Through all these extraordinary experiences I have learnt things that cannot be gained from sitting in a lecture hall, or reading a book. Nothing has ever been easy for me, and sometimes I get angry that things have been easier for other’s who have not had the hardships I've had. Underneath all that though, I have probably gained more knowledge and wisdom from being catapulted down the road of hard knocks, than someone who has strolled merrily along comfort avenue.

It’s only natural to feel a tad bit envious of someone who gets what you want easier than you. If everything was handed to you on a plate, life would be boring after a while. A diamond is formed under the Earth’s pressure. A strong person is created through Life’s pressure, which commonly gets called stress.

I wrote my second book about stress, namely post-traumatic stress, aka PTSD. Lots of people have said how that book has helped them, or how they bought it to help someone else cope with PTSD, but it related to them too.

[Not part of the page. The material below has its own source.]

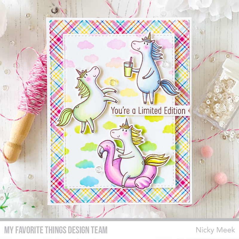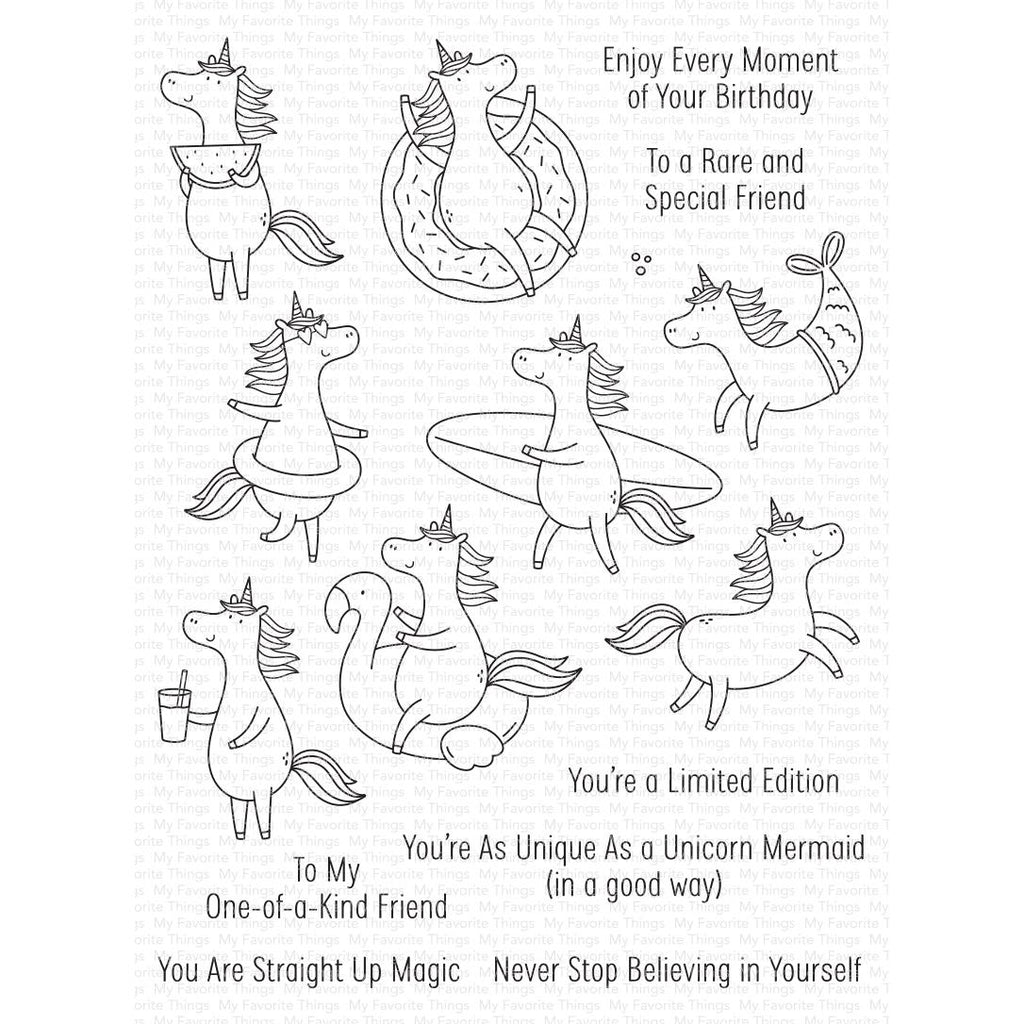 My Favorite Things One-of-a-Kind Friend Clear Stamp set offers 16 unique pieces to personalize your projects: a watermelon unicorn, a doughnut floatie unicorn, a sunglasses unicorn, a surfboard unicorn, a mermaid unicorn, a drink unicorn, a flamingo floatie unicorn, a leaping unicorn, and bubbles accent. The entire stamp set measures 6x8 inches. Make your cards unique with this one-of-a-kind selection.
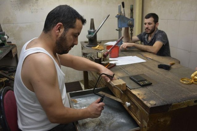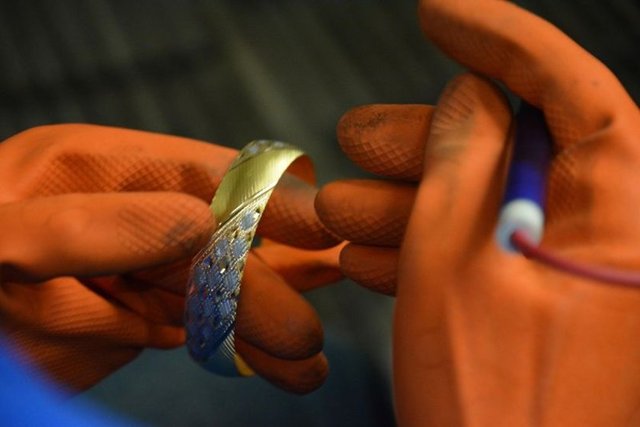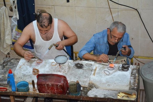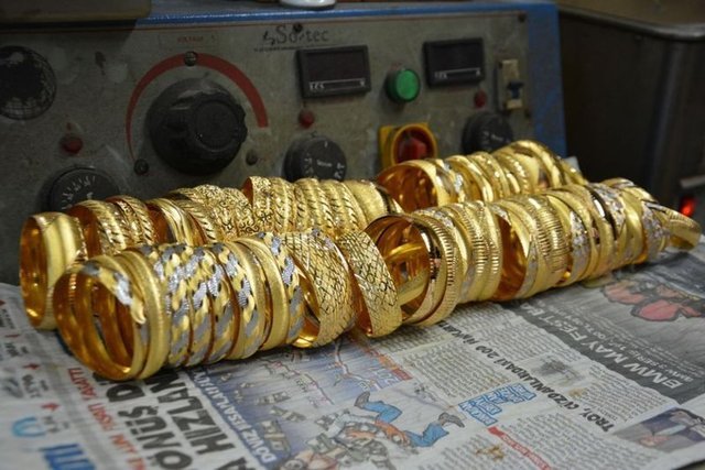 "Dışarıda toplanan hurda bilezik ve külçe altınları tel bilezik haline çevirerek kuyumculara veriyoruz. Altınları bin ile 1050 derecede eritip tezgahlarda genişlik ebatlarına göre şekillendirip, elle kesiyoruz. Ardından kaynak yapıyoruz. Büyütme makinesi dediğimiz makinelerde altınları geçirip modellerin özelliklerine göre gramlarını ayarlıyoruz ve genişliklerine göre kenarlarını kesiyoruz.

Everyone has stress in their life, in fact, some stress is good for you.

Without my life going the way it has, I never would have written, How To Heal From Trauma And PTSD: Your Ultimate Guide To Becoming The Person You Want To Be, a book that arouse through my own dealings of struggle, which is now helping people. I’ve had to learn many strategies to manage what life has thrown at me – the best way to play the hand life has dealt me. If you want to learn to play your poker hand better, how do you do that; by playing the game and learning through experience. If you don’t play the game, you’ll never learn how to win.

The whole point is that I want you to appreciate the hard times just as much as the good times. People spend a lot of time wallowing in self-pity, or complaining that life is not the way it should be. If people asked themselves, “What can I learn from this?” and then spend energy on that, we’d all benefit.

A guy asked me the other day, “Why do you go to the gym so much, and keep so fit? I hate going to the gym, but I need to.” My reply was that since the age of five I’ve always gone to physio therapy to learn to walk and move again, the gym is a progression of that, and it’s what I’ve always done. He responded by saying, “So life has done that to you?” And I replied, “Yes.”

Every downside has an upside, if you know how to work it. You just have to look, and love the hand you were dealt.